# Lil some'n different



## uncdub13 (Aug 9, 2003)

Decided to hit up some sweetwater today for a change of pace. Found some nice sized bass (3 lb average) schooled up on top busting and chasing small minnows. Nate got one on a topwater plug, but after that we had to downsize and match the hatch with tiny soft and hard jerkbaits. Reminded me a lot of fishing for finicky false albacore or spanish the way they were feeding on small baits on the surface. Also caught some that were aggressively chasing bait along the bank under the overhanging trees, much like snook fishing under the mangroves if you will. Of course i had to lose the two biggest fish of the day, solid 5-6 pounders, within two casts of each other as they both jumped and shook the hooks right at the boat. Had to use small baits to get a bite, so it was hard to stay buttoned with the small hooks. Also saw a 6-7 foot gator who didnt seem very scared of kayaks.




























... and some saltwater action from the last week. Reds are getting more aggressive with the warming water and starting to rise up for topwater plugs, and the spring trout bite is off to an awesome start with some nice size fish (mostly 18-22" and larger). It should only get better.


----------



## SkunkApe (Dec 9, 2006)

Great job Ryan! We got some Striped ones up here, but no Reds (for me) yet. Specks are still @ the Hot 
Ditch. 

Skunk


----------



## RuddeDogg (Mar 20, 2004)

Way to Ryan. Great work.


----------



## Too Busy (Sep 7, 2007)

Ryan
Are you finding trout in skinny water or in the 8-12 foot range?


----------



## jay b (Dec 1, 2002)

Those are some pretty fish, congrats !! Did any get the invite home for dinner ?? Things are just starting to turn on up here but it looks like you're 2-4 weeks ahead of us as usual.


----------



## justinstewart (Nov 23, 2007)

Good to see the reports again! I was going through withdrawal.


----------



## uncdub13 (Aug 9, 2003)

Finding most of the trout in 4-6' of water, but i did catch a 23" last week up on a flat in like 1-2' where i normally only find reds so you never know. Thought it was a small red until i saw that head shaking beside the yak.

Kept several for the table in the boat the other day, but i rarely keep any when in the yak since i usually dont mess around with ice or a cooler, especially for quick trips.


----------



## sleepyhead (Apr 30, 2004)

thanks for the report. I'm going to head down one day. On another note glad you found a new hat.


----------



## Sharkbait23602 (Nov 23, 2006)

Nice pics! 

I'de like to get out with you sometime before I leave Wilmington in May. 

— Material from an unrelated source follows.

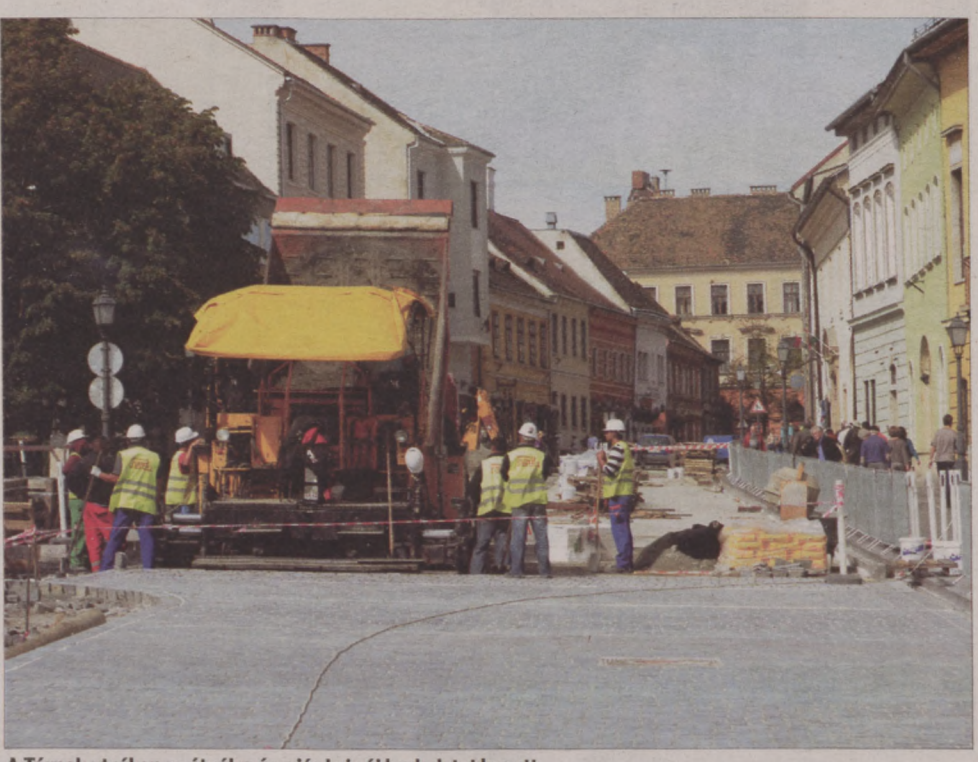
A Tárnok utcákon az útpálya és a járda is új burkolatot kapott

Csatlakozva a főváros útfejlesztési programjához a Budavári Önkormányzat kicseréli a vári járdák burkolatát, valamint saját beruházásában elkészíti a Szentháromság tér és környékének közterületi fejlesztését. A Tárnok utca teljes szélességű átépítésének első üteme szeptember második felében befejeződött, jelenleg az útpálya bal oldalán, illetve az ehhez csatlakozó járdán zajlanak a munkálatok.

How far away is that freshwater spot?

Have you fished Sutton Lake?


----------



## Rockstar (Jun 23, 2004)

awesome pics, reminds me I gotta head down to my sweetwater bass hole one of these days.


----------



## uncdub13 (Aug 9, 2003)

Sharkbait23602 said:


> How far away is that freshwater spot?
> 
> Have you fished Sutton Lake?


that's where we were.


----------



## hengstthomas (Mar 11, 2006)

justinstewart said:


> Good to see the reports again! I was going through withdrawal.


Me too 
Thanks for the report and pics Ryan


----------